A Bari negli anni Cinquanta non c’era la tv, possedere un pallone era già tanto. Un giorno in strada ebbi un’intuizione inspiegabile: avevo la palla sul lato sinistro, così infilai il piede destro dietro il ginocchio mancino e calciai. Stupore: “ooohhh, che hai fatto”…. E io: ma che ne so Più avanti trovammo il nome, per noi ’sto colpo diventò l’incrociata“.
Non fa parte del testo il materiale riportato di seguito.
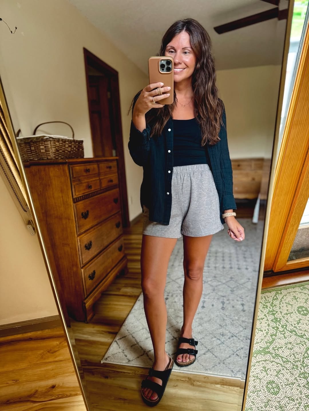 This is a comfortable yet put-together outfit ideal for staying in, which features a lightweight dark cardigan layered over a black top and soft gray knit shorts. The look is completed with black slides for easy, at-home style that doesn’t sacrifice comfort.

Il re dell’incrociata, dunque, non sapeva che prima o poi l’avrebbero chiamata rabona né che Pelé in persona avrebbe chiesto di lui: “Tanto tempo fa Pelé venne in Italia — racconta Roccotelli — e finì a parlare di incrociate. Vi giuro che a un certo punto disse: “So che c’è un italiano bravo a fare le rabone, un tipo coi baffi, me ne hanno parlato”. Si riferiva a me, a chi sennò?, e non potete capire la soddisfazione“.

Cocò Roccotelli
Cocò Roccotelli

Roccotelli è però passato alla storia per un’altra faccenda., per una frase, questa: “E piantala, un cross di Roccotelli vale più di tutto il campionato di pallacanestro“. Si tratta delle parole di Guido Lajolo, cronista del settore calcio della redazione sportiva del Corriere della Sera, in una domenica degli anni Settanta, in risposta a Zelio Zucchi, prima firma del basket che si lamenta per il poco spazio concesso al suo sport.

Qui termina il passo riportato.